Source data

==============================

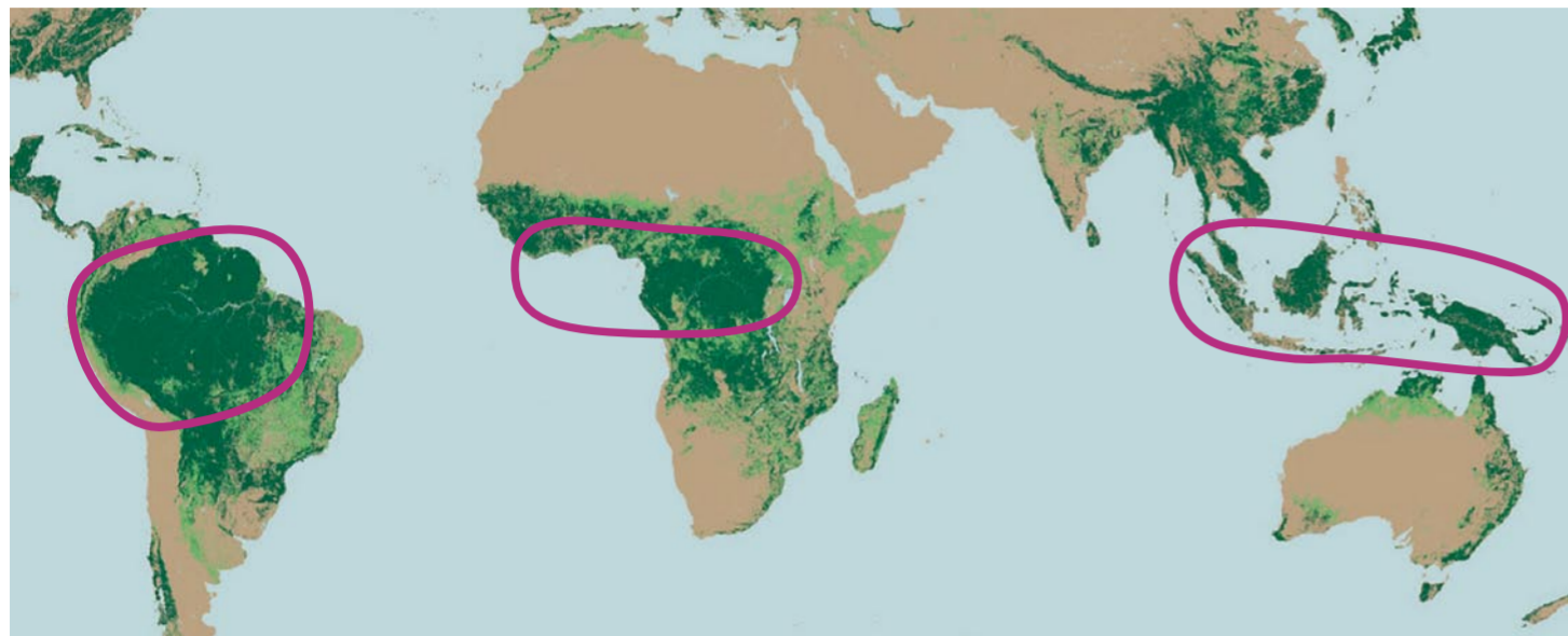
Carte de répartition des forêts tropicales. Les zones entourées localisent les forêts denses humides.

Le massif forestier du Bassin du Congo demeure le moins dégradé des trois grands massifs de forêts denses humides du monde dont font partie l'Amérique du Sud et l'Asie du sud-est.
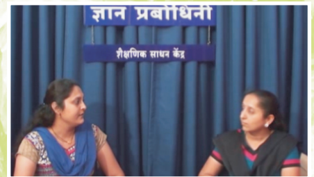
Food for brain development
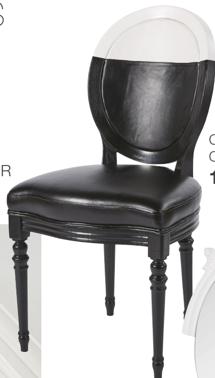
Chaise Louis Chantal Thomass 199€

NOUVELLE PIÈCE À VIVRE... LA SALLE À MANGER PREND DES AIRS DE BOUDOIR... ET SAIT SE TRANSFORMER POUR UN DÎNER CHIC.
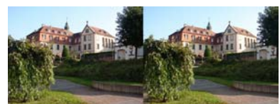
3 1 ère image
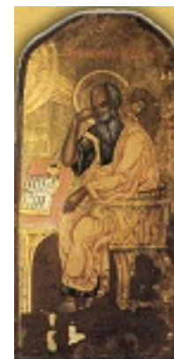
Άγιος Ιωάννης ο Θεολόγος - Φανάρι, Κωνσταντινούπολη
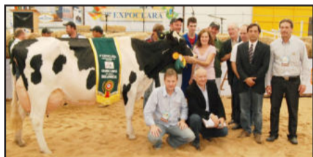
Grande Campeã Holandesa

==============================

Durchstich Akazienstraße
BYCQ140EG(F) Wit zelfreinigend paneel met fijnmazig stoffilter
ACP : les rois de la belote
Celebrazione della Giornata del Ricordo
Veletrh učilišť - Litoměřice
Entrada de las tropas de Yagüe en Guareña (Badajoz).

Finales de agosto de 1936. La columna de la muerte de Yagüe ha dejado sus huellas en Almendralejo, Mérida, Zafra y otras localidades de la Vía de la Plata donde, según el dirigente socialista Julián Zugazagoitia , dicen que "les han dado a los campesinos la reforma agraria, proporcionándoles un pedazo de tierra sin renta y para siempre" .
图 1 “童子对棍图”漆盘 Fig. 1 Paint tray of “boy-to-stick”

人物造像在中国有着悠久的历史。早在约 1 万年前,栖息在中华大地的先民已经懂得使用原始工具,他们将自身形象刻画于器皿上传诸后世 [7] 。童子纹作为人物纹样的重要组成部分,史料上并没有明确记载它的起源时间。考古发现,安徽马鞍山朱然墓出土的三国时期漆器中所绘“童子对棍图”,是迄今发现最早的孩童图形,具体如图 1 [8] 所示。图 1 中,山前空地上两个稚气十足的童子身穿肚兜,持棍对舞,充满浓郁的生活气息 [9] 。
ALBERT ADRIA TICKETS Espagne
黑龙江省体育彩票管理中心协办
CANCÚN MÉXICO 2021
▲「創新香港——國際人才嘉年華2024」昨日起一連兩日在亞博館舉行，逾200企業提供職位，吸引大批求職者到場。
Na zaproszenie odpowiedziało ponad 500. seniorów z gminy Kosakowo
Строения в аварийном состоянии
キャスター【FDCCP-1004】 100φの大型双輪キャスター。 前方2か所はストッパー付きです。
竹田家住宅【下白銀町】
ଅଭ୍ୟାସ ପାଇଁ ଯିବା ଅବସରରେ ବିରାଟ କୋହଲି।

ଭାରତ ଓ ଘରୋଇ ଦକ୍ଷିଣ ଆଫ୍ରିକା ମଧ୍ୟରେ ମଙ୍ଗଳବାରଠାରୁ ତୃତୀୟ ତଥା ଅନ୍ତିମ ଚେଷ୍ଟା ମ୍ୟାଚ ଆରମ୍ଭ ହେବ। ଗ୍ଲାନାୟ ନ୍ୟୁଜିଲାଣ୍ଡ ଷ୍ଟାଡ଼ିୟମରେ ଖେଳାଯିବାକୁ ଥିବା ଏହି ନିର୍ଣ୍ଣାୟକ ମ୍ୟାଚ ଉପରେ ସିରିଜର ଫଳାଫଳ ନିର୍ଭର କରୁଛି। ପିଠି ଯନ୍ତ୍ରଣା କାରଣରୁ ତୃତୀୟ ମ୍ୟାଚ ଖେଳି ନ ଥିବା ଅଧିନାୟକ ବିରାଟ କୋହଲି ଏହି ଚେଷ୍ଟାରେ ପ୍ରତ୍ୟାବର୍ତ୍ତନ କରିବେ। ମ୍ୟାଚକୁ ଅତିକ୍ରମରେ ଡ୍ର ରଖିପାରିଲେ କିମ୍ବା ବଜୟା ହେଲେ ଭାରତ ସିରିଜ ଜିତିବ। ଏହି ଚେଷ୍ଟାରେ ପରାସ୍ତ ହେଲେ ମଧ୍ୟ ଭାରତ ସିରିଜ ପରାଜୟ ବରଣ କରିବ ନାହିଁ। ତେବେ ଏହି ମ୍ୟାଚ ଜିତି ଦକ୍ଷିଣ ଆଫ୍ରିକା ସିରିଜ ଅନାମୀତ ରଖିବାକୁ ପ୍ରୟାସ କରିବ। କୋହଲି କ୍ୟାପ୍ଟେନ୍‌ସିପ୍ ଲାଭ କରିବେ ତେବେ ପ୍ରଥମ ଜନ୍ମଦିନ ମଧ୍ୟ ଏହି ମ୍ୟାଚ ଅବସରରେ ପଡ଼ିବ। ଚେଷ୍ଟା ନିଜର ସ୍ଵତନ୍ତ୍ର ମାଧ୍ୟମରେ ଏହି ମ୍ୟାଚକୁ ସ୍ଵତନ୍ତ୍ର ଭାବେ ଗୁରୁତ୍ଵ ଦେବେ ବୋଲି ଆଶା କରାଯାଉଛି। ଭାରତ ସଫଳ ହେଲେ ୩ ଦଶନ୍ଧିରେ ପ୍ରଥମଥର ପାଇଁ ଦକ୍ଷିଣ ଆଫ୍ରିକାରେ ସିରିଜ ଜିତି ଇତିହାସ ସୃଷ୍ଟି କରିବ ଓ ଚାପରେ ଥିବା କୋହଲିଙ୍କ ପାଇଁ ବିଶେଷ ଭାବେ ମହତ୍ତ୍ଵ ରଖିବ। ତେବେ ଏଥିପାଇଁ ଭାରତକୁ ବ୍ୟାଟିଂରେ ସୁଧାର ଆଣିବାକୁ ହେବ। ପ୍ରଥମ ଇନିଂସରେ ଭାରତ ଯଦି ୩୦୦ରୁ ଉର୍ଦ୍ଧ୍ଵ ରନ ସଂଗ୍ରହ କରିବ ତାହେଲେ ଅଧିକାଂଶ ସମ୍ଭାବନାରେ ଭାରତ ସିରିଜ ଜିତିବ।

==============================

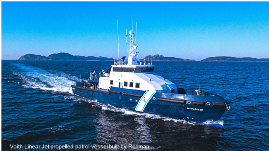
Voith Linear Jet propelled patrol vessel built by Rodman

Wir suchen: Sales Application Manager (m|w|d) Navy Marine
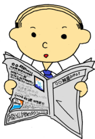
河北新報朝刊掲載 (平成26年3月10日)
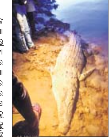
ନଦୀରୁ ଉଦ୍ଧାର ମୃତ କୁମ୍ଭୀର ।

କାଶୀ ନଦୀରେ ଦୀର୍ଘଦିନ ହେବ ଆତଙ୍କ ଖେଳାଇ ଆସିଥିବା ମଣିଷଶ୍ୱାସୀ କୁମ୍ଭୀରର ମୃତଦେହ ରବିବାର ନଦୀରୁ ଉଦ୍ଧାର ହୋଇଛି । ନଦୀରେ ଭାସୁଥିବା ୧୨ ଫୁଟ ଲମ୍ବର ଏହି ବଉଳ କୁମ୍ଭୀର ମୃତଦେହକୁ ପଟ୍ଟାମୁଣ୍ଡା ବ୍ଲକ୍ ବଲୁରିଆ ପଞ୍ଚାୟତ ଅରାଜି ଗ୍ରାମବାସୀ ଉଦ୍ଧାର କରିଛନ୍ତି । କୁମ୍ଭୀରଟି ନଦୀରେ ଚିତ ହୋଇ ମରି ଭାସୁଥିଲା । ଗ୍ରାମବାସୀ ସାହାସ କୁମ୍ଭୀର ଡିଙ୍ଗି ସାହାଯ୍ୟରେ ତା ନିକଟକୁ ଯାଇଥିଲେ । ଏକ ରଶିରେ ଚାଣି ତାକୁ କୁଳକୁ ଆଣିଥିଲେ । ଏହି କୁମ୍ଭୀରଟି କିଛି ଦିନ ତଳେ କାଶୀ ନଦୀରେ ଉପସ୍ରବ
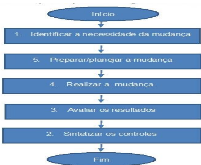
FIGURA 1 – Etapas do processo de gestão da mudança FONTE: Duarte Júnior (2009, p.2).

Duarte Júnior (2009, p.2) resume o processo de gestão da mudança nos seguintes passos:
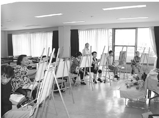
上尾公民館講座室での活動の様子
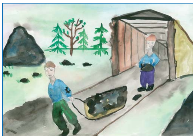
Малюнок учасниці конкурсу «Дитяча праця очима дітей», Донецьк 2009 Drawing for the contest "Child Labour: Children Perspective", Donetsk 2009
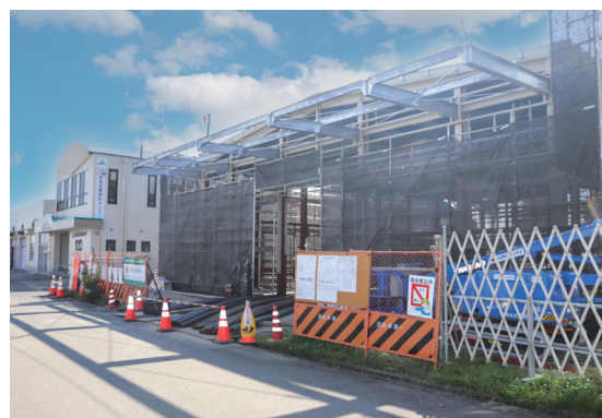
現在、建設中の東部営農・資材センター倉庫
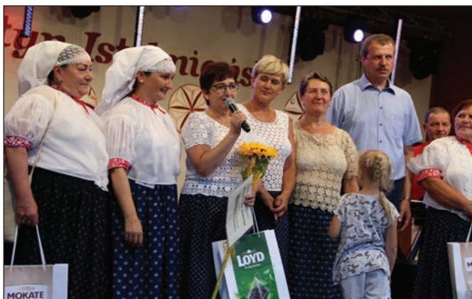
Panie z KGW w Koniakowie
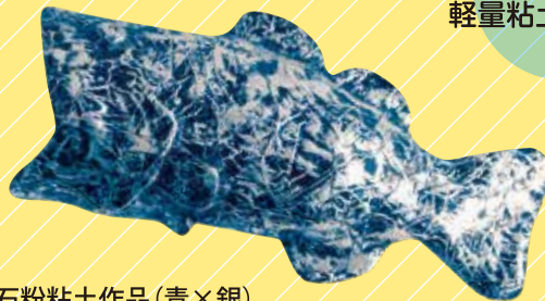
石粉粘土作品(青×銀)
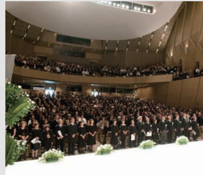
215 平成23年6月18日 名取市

==============================

> _Instructions to follow_
Within the entries above, give again exactly the lines starting at the one that contains "Panie z KGW w Koniakowie" and ending at the one that contains "215 平成23年6月18日 名取市", leaving out the pictures.

> _Answer to the problem_
Panie z KGW w Koniakowie
石粉粘土作品(青×銀)
215 平成23年6月18日 名取市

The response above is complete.